Thus there is already quite a stir when Zagreus emerges bloody and dark from the Styx, pointedly ignoring Hypnos’ nattering as soon as he sees the man talking to Achilles. And he is a man, or at least a dead man: pointed, grey at the temples, with a furrowed brow and a down-turned mouth as he seems to be arguing about something to an opponent unable to defend his position. Zagreus narrows his eyes and sees that he died of a broken heart -- and there are certainly worse ways to go.

“There you are, lad,” Achilles calls, very much sounding like a man eager for a way out of a debate he never asked to be a part of. “Your father has hired you a new tutor.”

“I was not consulted in this process,” the tutor says, which -- well, same. Zagreus hadn’t thought he’d needed another tutor, what with work going as well as it is; and besides, what else was there for him to learn? But time and misfortune have taught him that certain fights are not work picking as far as his father is concerned, so he strides forward and holds out his hand.

“Pleasure to meet you, sir,” Zagreus says.

The man looks him up and down, and perhaps deigns the wayward son of Hades to be worth his time -- so he takes the offered hand, and shakes it. “Pythagoras.”


He was a gemcutter’s son, born as Greek as the rest of the known world, called himself a lover of wisdom -- not to suggest that Athena ever shared his bed, but rather that he preferred to spend his days in deep thought regarding the true nature of things. In Miletus he had inherited an interest in demonstrative mathematics from Thales and Anaximander, alongside a certain heretical impulse to think of Zeus’ influence as not monarchic or paternal but rather geometric; later, he’d sojourned in a place called Egypt, where they worshipped different gods, and were taken to a different place after death.

He’d died, in his own words, not from a broken heart -- but from losing faith in humanity to solve its own problems with any elegance or tact. And now, as a final insult, he’d been taken to a place that made no godsdamned mathematical sense.

“If I might ask, what does mathematics have to do with it?” On the word it Zagreus motions outward, vaguely.

Pythagoras is leaning over a drafting table that Zagreus had, very thoughtfully, paid for in gemstones -- and therefore his own blood and sweat, thank you very much -- drawing shapes with a compass and straightedge. Mostly squares. “Mortals have two parts, the body and the soul.
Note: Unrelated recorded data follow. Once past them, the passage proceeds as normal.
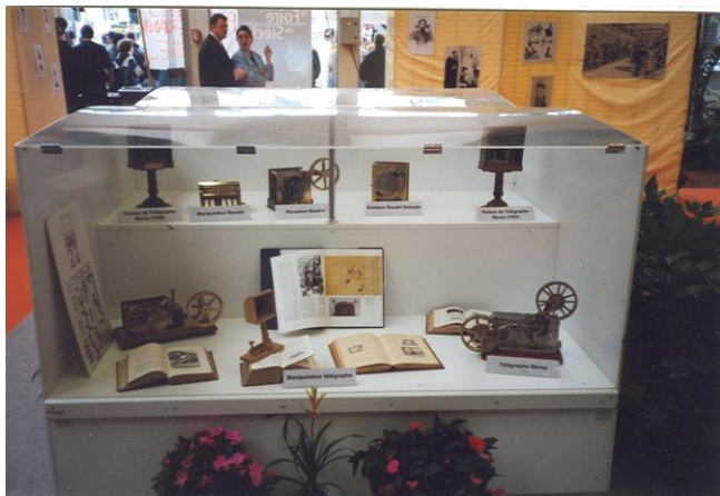
Présentation de matériels télégraphiques anciens, lors de la foire exposition de Poitiers en mai 1999.
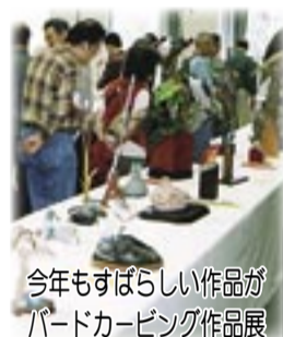
今年もすばらしい作品がバードカード展

11月8・9日、鳥の博物館、アピスタなど市内5つの会場で、ジャパンバードフェスティバルが開催されました。 フェスティバルには、93の団体が参加し、2日間で約4万8000人の方が来場しました。 バラエティーに富んだ内容に 今回は昨年までの内容に加え、親水広場内に特設ステージを設け、シンポジウム、トークショー
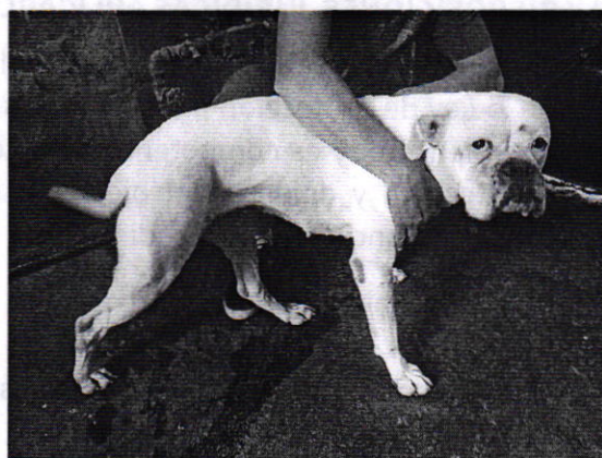
Fotografía 1. Vista del ejemplar canino que responde al nombre de "Medusa"

Aunado a lo anterior, y con la finalidad de contar con mayores elementos, se citó a comparecer a la persona propietaria del ejemplar canino motivo de denuncia, quien se presentó en las oficinas de
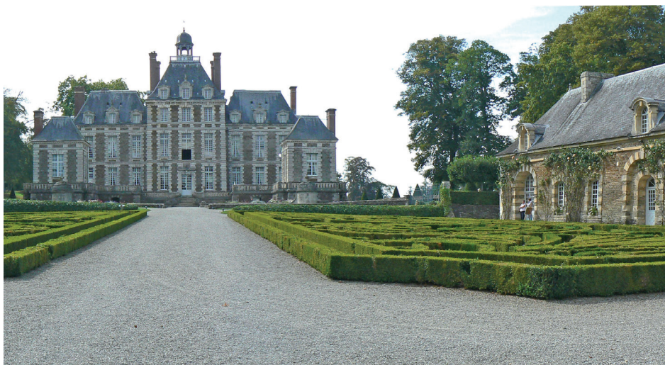
Parterres de broderies devant les écuries
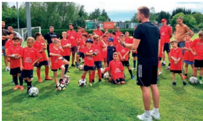
Półkolonia dla młodych adeptów futbolu
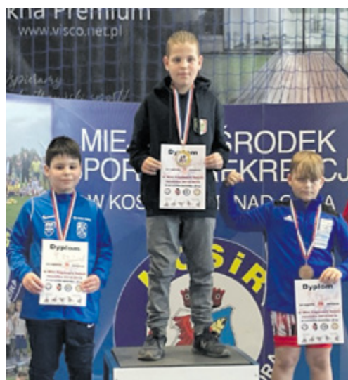
Złoty Antek.

Antek w walce finałowej w kategorii wagowej do 46 kg pokonał reprezentanta Zar, a na trzecim stopniu podium znaleźli się zawodnicy gospodarzy. Ciężka praca na treningach i wytrwałość poparta ogromnym talentem przyniosła piorunujące efekty. Gratulujemy wyników w tak prestiżowych zawodach.
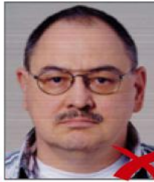
grana della pellicola
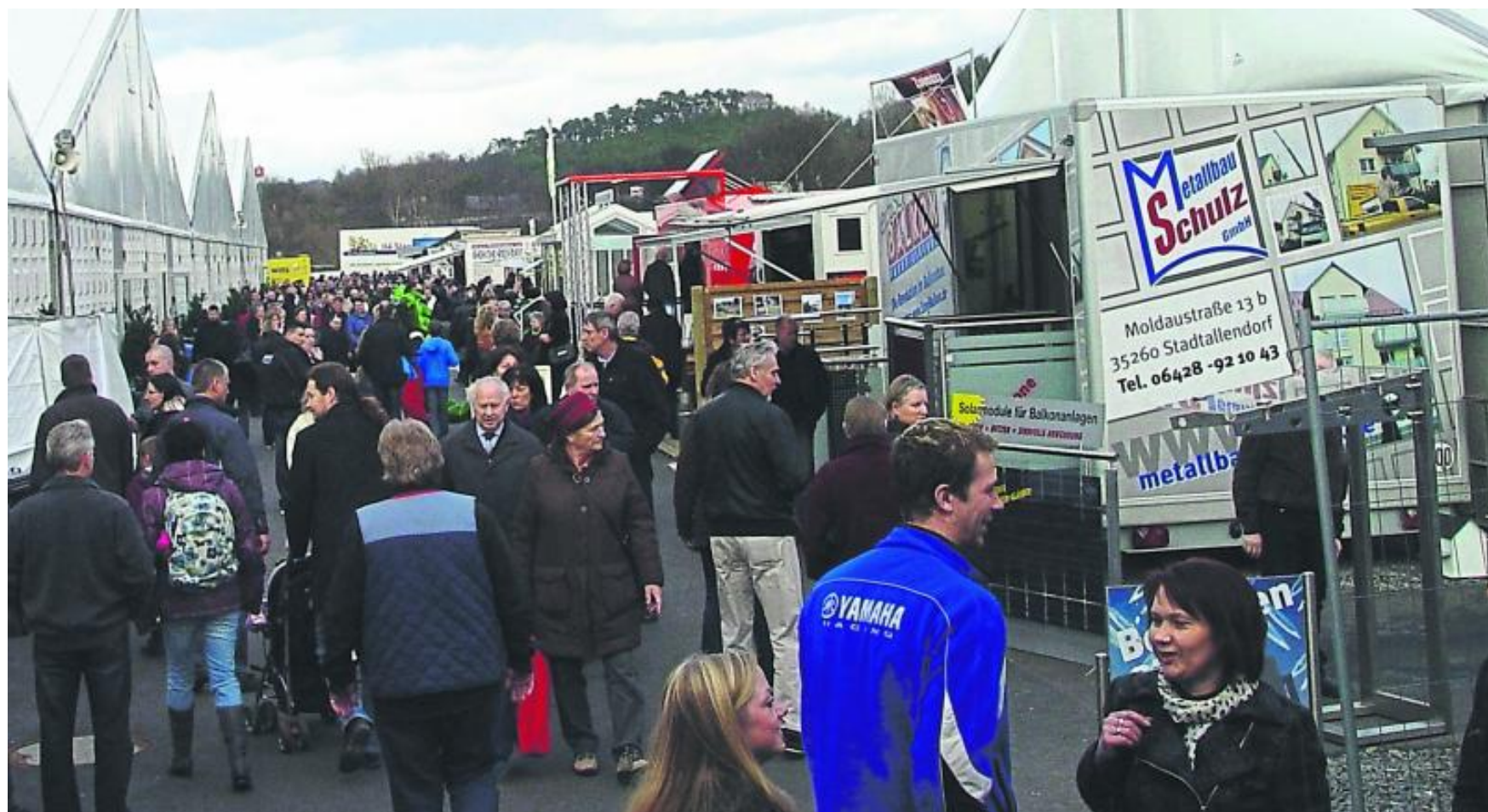
Auch auf dem Außengelände der Memo-Bauen tummeln sich immer viele Besucher auf dem Weg in die einzelnen Messehallen.

Das messeeigene Sonderthema „Energie“ unterstützt der Fachdienst KLEE, indem er über aktuelle Förderprogramme und Aktionen rund um Klimaschutz und Nachhaltigkeit informiert. Zum Beispiel fördern der Landkreis und die Sparkasse Marburg-Biedenkopf ab 2019 Bürger, Vereine und kleine Unternehmen im Bereich Elektromobilität. Bis zu 100 Ladepunkte werden dann von Privatpersonen, Vereinen und kleinen Unternehmen durch einen Zuschuss gefördert. Der Kauf und die Installation einer Ladestation für Elektroautos wird mit 400 Euro bezuschusst. Dieser Betrag kann sich auf insgesamt 500 Euro erhöhen, wenn Strom aus Erneuerbaren Energien vor Ort produziert wird, etwa mit einer eigenen Photovoltaikanlage.

The soul is obviously immortal,” he drawls, as though talking to an idiot. In this regard, Zagreus has had much experience. “Upon dying the body becomes fertilizer to feed new bodies, and I had hypothesized that that the soul would take up a new body, to close the cycle. But now I’m told that we all end up here, forever?”
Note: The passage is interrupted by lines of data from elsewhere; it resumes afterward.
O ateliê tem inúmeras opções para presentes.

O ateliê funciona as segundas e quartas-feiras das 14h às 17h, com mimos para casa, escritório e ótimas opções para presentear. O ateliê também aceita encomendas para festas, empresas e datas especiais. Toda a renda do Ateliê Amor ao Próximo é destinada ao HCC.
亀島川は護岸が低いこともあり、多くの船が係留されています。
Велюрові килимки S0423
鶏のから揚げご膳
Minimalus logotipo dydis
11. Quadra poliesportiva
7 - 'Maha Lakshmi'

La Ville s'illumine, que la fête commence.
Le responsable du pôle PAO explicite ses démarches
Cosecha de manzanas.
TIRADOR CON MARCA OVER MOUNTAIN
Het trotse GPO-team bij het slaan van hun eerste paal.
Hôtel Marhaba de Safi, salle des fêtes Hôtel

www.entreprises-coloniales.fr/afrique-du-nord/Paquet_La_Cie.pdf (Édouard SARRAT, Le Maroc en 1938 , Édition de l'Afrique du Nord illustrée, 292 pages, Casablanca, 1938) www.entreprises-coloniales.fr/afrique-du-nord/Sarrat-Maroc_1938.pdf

“Erm, yes, sir. That's how it has always been.”

“And what, pray tell, will happen when Hell is full?”

“Well, Tartarus will expand, I suppose.”

“Into what?”

“Into,” Zagreus wonders if this, somehow, is how Pythagoras intends to educate him. “Into Chaos?”
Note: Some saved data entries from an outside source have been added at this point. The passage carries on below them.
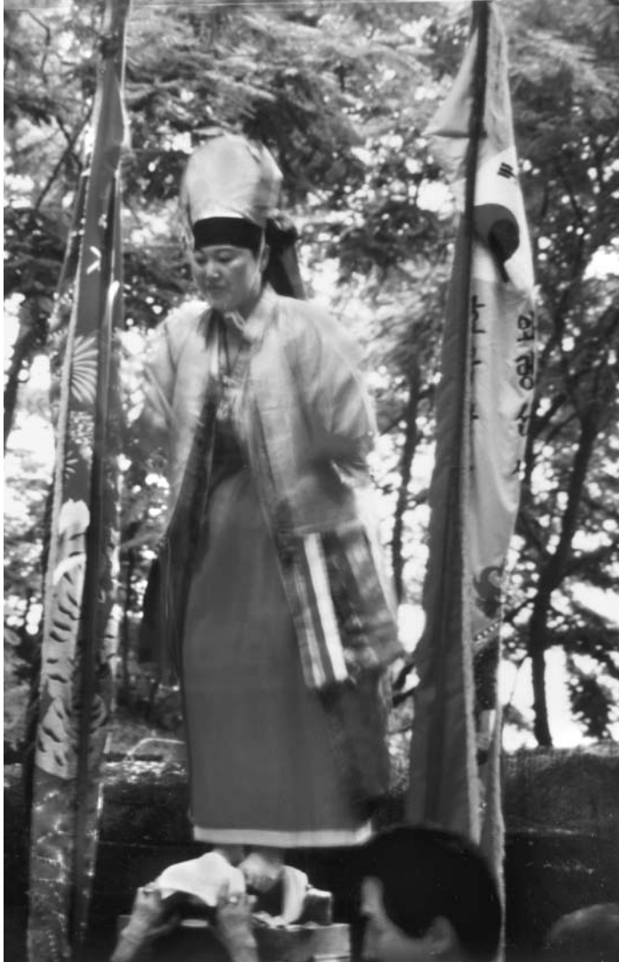
12.b kép A sámánő feláll az éles kardokra

sámánok nemcsak jól megélnek, hanem az állandó gyakorlás miatt konzer- válják is a régi ceremóniákat. Természetesen ez egyben azt is jelenti, hogy az új helyzetnek megfelelően a kor kívánalmaihoz igazodva új és új elemek épülnek be a sámánszertartásokba. S mivel magának a rítusnak a szerkeze- te meglehetősen rugalmas, ezért bármilyen környezetben és céllal is alkal- mazhatók, és ezek a változások, újítások nem érintik magának a rítusnak a jelentéstartalmát.
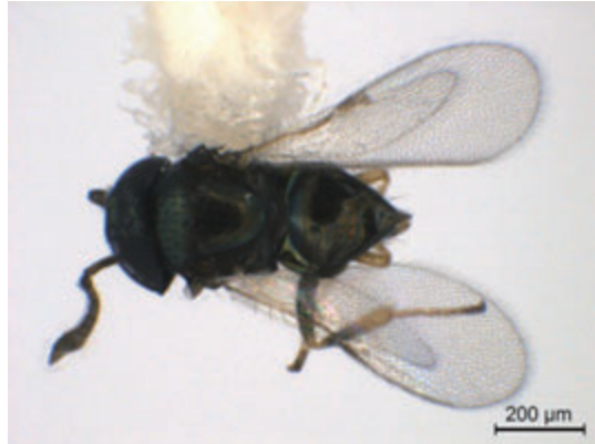
Female of Pseudleptomastix sp.
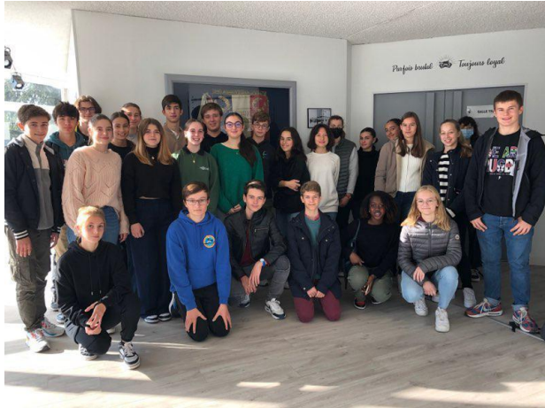
Photo de groupe devant la devise du GBGM "Parfois brutal, toujours loyal"
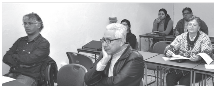
El Primer Coloquio de Avances y Resultados de Investigación de la UVI

Las actividades de la semana giraron en torno a la construcción histórica de este municipio serrano, representada en edificaciones significativas para la cultura local, toda vez que dan fe de la época de prosperidad en la zona.

“Into Chaos, he says.” Pythagoras scoffs. “The world and the heavenly spheres, they are bound by mathematics, and move in time to a divine symphony. And we are beneath the world. If Hell expands, it must be -- it must be in tune with something equally contracting. But if this process sits in the centre of two eternities...” He regards his squares, and scratches his chin. “Leave me to my quadrature, boy.”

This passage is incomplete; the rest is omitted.